En tercer lugar y como habíamos anunciado, hemos de destacar que en la cruz podemos descubrir el Amor que genera vida y vida en abundancia. El amor no es masoquista, ni se alegra con el sufrimiento, pero es entrega sufrida por el bien de los demás y es el dinamismo más poderoso que existe para luchar por la vida. El amor vigoroso y decidido disuelve la desesperanza y el miedo a la muerte. Como dice San Pablo en la misma carta a los Corintios: “El último enemigo que será vencido es la muerte.” (1Cor. 15,26). Cristo vence a la muerte por la fuerza del amor. Donde llega el amor como entrega y como comunión llega la vida; sin amor no existe algo que pueda llamarse verdaderamente humano. Por eso es que la vitalidad del amor no tiene en cuenta el mal recibido y es capaz de disculparlo todo como dice San Pablo. El amor que llega hasta la muerte, lo espera todo y lo soporta todo. El amor respeta, cuida y lucha por la vida siempre y en todas las circunstancias. Nunca negocia con la muerte: la vence.

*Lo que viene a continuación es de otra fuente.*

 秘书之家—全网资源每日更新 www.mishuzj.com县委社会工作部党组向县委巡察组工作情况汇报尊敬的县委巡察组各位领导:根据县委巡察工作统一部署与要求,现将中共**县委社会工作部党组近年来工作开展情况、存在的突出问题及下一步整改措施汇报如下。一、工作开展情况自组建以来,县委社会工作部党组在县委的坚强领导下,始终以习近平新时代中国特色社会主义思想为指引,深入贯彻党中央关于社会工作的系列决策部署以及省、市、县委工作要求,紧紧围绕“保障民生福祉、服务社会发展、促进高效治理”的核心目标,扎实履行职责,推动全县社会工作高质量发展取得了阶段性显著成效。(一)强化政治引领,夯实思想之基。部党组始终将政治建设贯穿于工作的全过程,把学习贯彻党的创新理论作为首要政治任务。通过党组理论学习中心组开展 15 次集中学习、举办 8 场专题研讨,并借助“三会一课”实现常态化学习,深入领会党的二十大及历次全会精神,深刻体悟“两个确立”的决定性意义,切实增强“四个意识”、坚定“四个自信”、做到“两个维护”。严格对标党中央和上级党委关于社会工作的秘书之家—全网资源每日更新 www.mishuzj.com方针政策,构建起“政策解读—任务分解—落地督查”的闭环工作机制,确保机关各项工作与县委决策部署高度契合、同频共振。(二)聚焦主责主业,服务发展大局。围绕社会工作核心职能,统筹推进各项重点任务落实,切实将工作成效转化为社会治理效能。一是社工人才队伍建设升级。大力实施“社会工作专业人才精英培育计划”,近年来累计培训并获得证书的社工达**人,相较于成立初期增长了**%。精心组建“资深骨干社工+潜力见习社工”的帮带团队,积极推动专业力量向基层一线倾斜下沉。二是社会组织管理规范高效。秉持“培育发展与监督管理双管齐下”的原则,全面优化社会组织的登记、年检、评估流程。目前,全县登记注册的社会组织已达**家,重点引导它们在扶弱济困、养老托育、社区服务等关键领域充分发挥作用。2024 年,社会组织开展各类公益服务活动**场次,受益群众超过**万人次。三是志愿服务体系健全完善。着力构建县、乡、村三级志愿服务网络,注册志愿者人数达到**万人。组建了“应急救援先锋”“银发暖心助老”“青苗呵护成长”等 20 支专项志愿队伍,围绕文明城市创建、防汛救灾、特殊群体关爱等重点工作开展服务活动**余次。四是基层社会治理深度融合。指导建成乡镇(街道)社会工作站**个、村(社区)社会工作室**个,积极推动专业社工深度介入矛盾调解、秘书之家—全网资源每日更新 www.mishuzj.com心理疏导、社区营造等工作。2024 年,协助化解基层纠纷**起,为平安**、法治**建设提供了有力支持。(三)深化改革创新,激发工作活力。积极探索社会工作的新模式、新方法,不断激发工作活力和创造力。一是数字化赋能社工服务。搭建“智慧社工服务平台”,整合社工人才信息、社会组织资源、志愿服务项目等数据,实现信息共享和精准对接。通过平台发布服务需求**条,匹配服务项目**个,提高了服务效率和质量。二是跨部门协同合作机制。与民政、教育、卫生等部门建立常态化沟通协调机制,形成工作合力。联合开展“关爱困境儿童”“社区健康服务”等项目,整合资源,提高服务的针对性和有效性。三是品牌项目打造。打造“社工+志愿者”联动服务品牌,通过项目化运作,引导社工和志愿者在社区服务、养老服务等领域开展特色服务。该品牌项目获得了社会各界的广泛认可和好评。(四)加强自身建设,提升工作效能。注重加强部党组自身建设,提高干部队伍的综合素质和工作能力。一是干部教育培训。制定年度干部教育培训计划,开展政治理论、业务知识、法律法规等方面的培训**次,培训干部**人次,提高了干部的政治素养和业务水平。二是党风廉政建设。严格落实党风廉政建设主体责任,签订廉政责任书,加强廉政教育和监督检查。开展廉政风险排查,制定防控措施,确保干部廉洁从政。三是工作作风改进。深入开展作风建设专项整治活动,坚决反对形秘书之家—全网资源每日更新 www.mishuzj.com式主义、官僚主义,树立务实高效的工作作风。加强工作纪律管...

En la fiesta de la Cruz de los Milagros debemos elevar nuestra mirada al madero para aprender a amar y preguntarnos con toda honestidad cómo estamos viviendo el amor en nuestras familias. ¿Qué estamos comunicando a nuestros niños y qué aire se respira en nuestros hogares?

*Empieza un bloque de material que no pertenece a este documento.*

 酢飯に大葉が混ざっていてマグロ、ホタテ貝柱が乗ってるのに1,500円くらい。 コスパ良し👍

Como Cristo venció a la muerte con su propia muerte, sabemos que el amor no pasará jamás, que la alegría del amor llega y que constituye el mayor estímulo para luchar con decisión y esperanza por una vida en dónde reine el amor para todos. En efecto, sabemos que ninguna muerte podrá apagar el fuego que el Amor de Dios ha encendido en nuestros corazones. ¡Que ese amor sea el aire que se respire en nuestras familias! , y ¡que ese amor nos brinde la energía para construir una sociedad más fraterna y más justa! ¡Pidamos a Nuestra Señora de Itatí, la tiernísima madre de Dios y de los hombres, que nos enseñe a estar al pie de la Cruz para para que aprendamos a amar como Cristo nos amó! ¡Que así sea!